Nothing has changed since the Bobbitt incident
A major focus of this series is this problem that never goes away, this problem of men who assault women. Several activists for abused women speak on the show, and they are depressed and frustrated. Despite significant publicity and education and media coverage and even legislation, nothing much has changed for vulnerable women between the early 90s and now. There are waves of noise and attention, sure, and perhaps the media is finally more ready to look at women who speak up through a lens that takes them seriously, and not one that views them solely as tabloid fodder.
But really, how much has changed, and how much is lip service?

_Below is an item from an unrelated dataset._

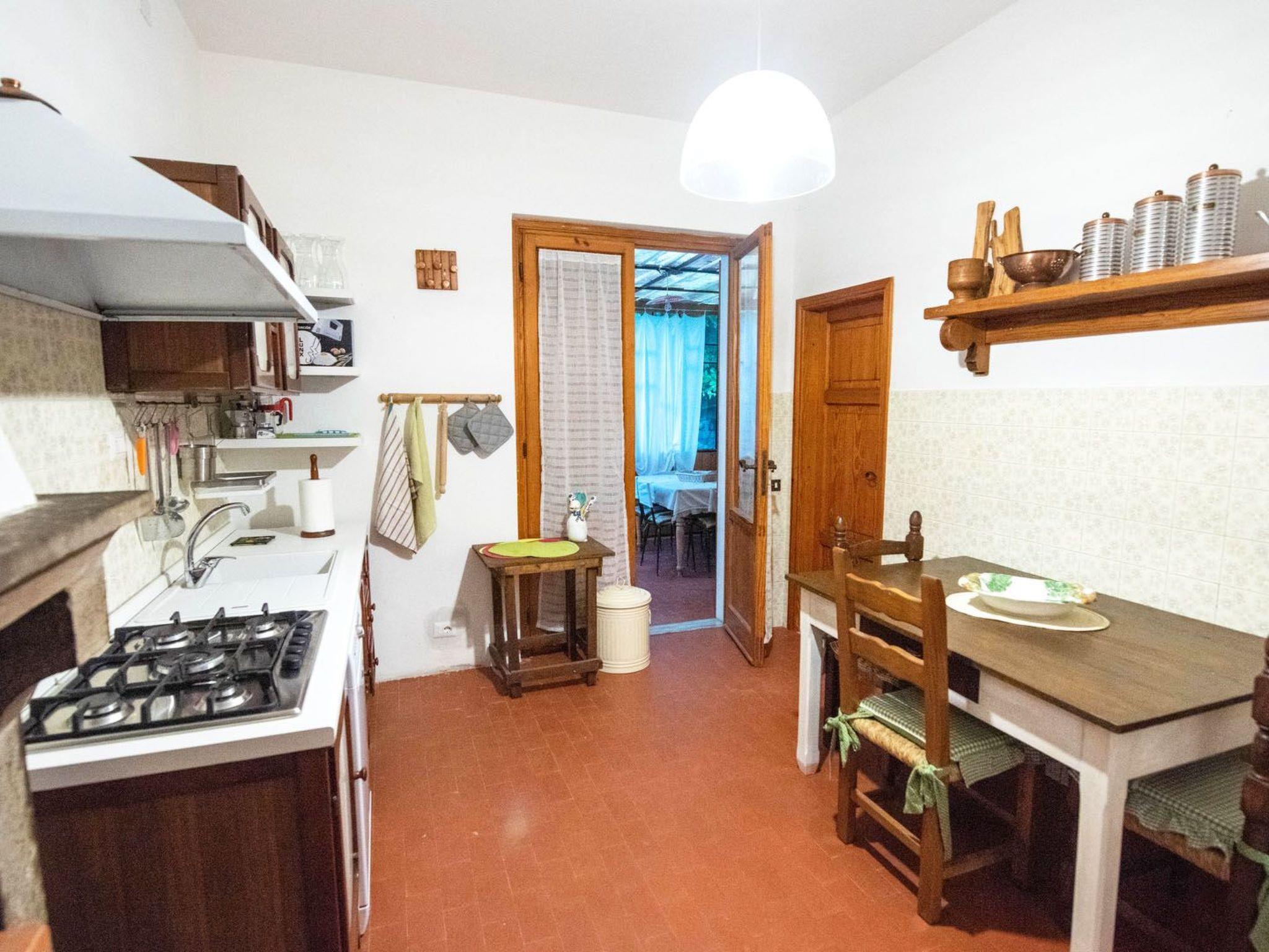 Das Innere der Villa ist geräumig und komplett ausgestattet, um allen Ansprüchen gerecht zu werden. Sie verfügt über drei komfortable Schlafzimmer, die allen Gästen Ruhe und Privatsphäre bieten, und ein Badezimmer mit Dusche, in dem man sich nach einem Tag in der schönen toskanischen Landschaft erfrischen kann. Das Vorhandensein von Elektrogeräten wie Waschmaschine und Geschirrspüler sorgt für zusätzlichen Komfort während Ihres Aufenthalts. Für Momente der Entspannung trägt der Kamin zu der warmen und gemütlichen Atmosphäre bei, die typisch für Landhäuser ist.
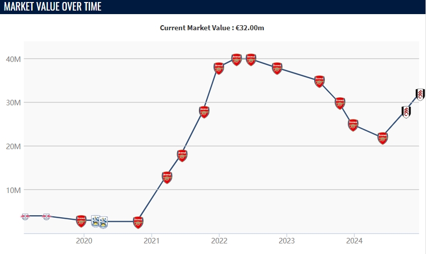 今夏阿森納以2700萬英鎊+700萬英鎊浮動(dòng)的轉(zhuǎn)會(huì)費(fèi)將24歲的史密斯-羅出售至富勒姆,球員本賽季代表富勒姆聯(lián)賽出戰(zhàn)16場,已經(jīng)貢獻(xiàn)3球2助。球員在2022年巔峰身價(jià)為4000萬歐元,目前球員距離這一數(shù)字還差800萬歐。

The documentary shows footage of women marching in support of the Violence Against Women Act in the early 90s, and the footage is similar to that of the Women’s March against Donald Trump in 2017. We see the Violence Against Women Act being signed by Bill Clinton, a man who may not have punched women, but hurt them in other ways.
John Wayne Bobbitt chokes up as he describes the abuse he witnessed and suffered as a child, and we know that we still aren’t adequately able to protect children from the cycle of violence that will perpetuate itself as they become adults.
We see archival footage of women crying and bleeding, their faces puffy and bruised, and we know that to this day, women are more likely to be killed by their intimate partner than anyone else, and that the time when they are most in danger is when they are trying to leave.
Lorena is not an easy series to watch, but it’s an important one.